November 15, 2024

Court Sides With Trustee Over Madoff Payouts

A federal appeals court has approved the method being used to calculate the losses incurred by the victims of Bernard L. Madoff’s global Ponzi scheme, saying the approach used by the trustee in the case is “legally sound in light of the circumstances of this case and the relevant statutory language.”

The ruling, by the United States Court of Appeals for the Second Circuit, is a significant victory for Irving H. Picard, the court-appointed trustee who is liquidating the Madoff firm in bankruptcy court in Manhattan. In the face of vocal opposition in the courts and among some in Congress, Mr. Picard had calculated victims’ losses under the “cash in, cash out” method, which relied on the difference between the cash invested and the cash withdrawn by investors, without giving any weight to the fictional profits shown on the victims’ account statements over the years.

The favorable ruling in the closely watched dispute probably will advance the day when claims for the eligible victims in the case can be paid from the $10 billion pool of assets already collected by Mr. Picard. Those payments had been held in abeyance by the legal dispute over Mr. Picard’s calculation method.

But the decision is a setback for the thousands of so-called “net winners” in the vast Madoff fraud, investors whose withdrawals from the Ponzi scheme over the years matched or exceeded the amount they originally invested.

Lawyers for those investors had urged the courts to throw out Mr. Picard’s method and order him to rely instead on the final account balances shown on the their statements in the weeks before the fraud collapsed with Mr. Madoff’s arrest on Dec. 11, 2008. Some members of Congress had supported their fight, proposing legislation that would take the dispute out of the courts by changing the laws governing Wall Street bankruptcies and Ponzi scheme loss calculations.

The ruling supports the trustee’s efforts to recover fictional profits that investors withdrew from the sceme before its collapse through so-called “clawback” lawsuits.

Amanda Remus, a spokeswoman for Mr. Picard, released a statement saying the decision “is an important step forward for customers with allowed claims. We have maintained all along that our definition of net equity — which is supported by longstanding precedents in bankruptcy and securities laws — is the fairest approach to the determination of claims, and we hope that the Court’s decision can be the final word on this issue.”

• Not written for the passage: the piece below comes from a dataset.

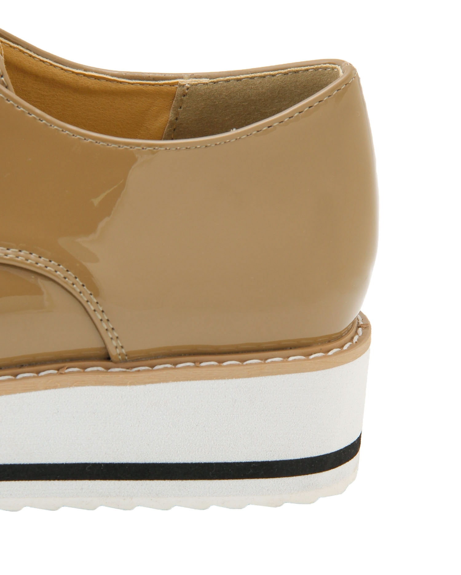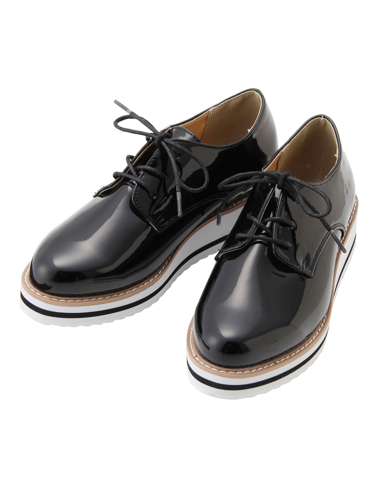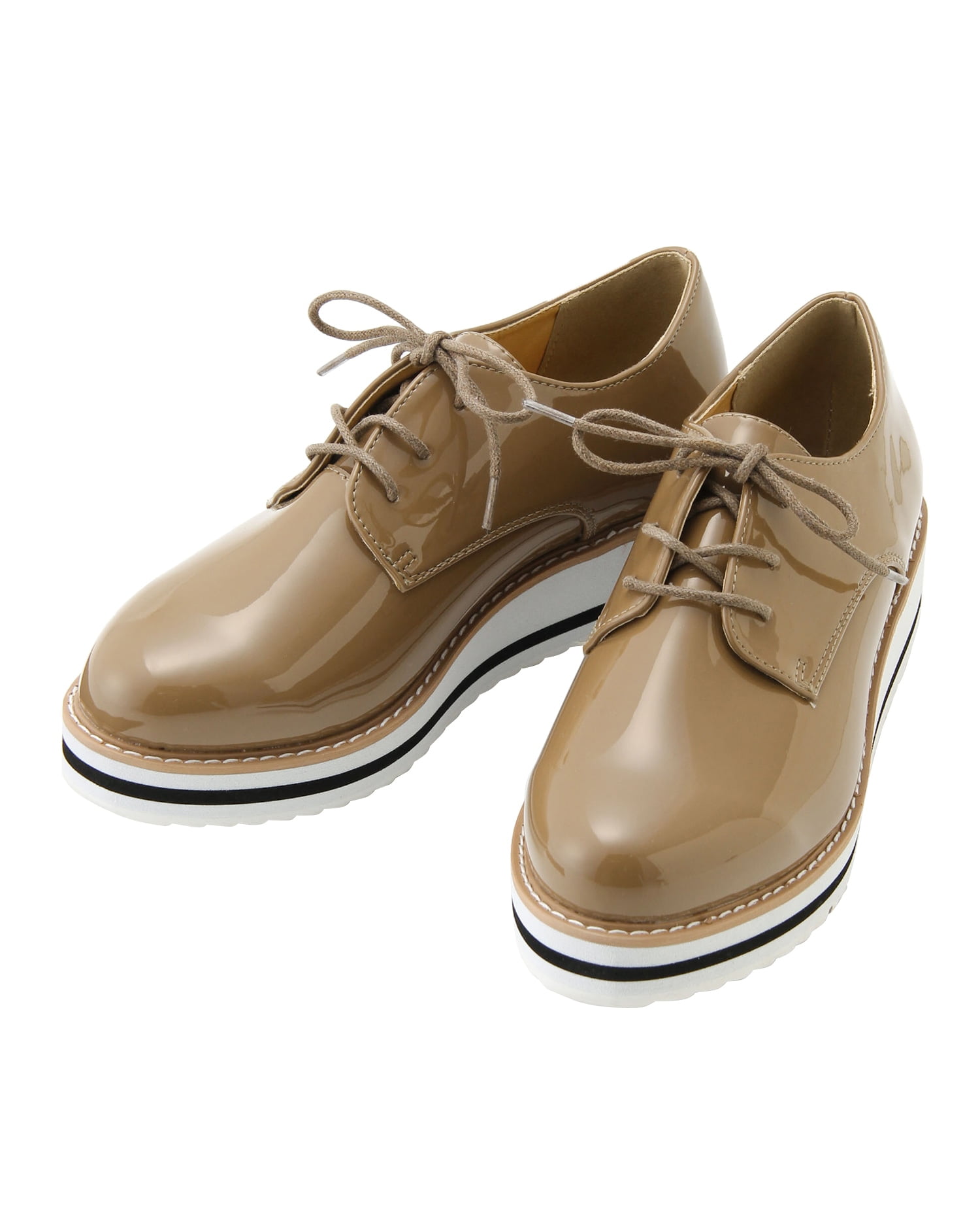 スタイリッシュなエナメルのドレスシューズは、ラバーソールでスポーティ要素をプラスしたデザインが新鮮。合わせやすいベーシックなカラーに映えるステッチもアクセントになっています。安定感のあるフラットソールも厚みがあるので、脚長効果を期待出来るのも◎。スカートにもパンツにも合わせやすいのでデイリー使いにぴったりです。

  One of the lawyers opposing Mr. Picard’s approach to calculating losses, Helen Davis Chaitman, predicted the appeals court ruling “will destroy investor confidence in the capital markets” because it does not require the Securities Investors Protection Corporation, the industry-supported organization that provides a limited safety net for customers of failed brokerage firms, to honor the Madoff investors’ final account statements.  

“The message to every American who invests in the stock market is clear: invest at your own risk and assume that S.I.P.C. insurance does not exist,” Ms. Chaitman said.

  An investor advocacy group initially formed by those opposing Mr. Picard’s loss calculation formula also criticized the ruling. Ron Stein, the president of the Network for Investor Action and Protection, said the ruling “is another blow to small investors who merely relied on the information their broker gave them.” Mr. Stein continued: “The court’s regrettable decision underscores the need for Congress to reinforce securities laws that were intended to protect the small investors harmed by this decision and the actions of the S.I.P.C. trustee.”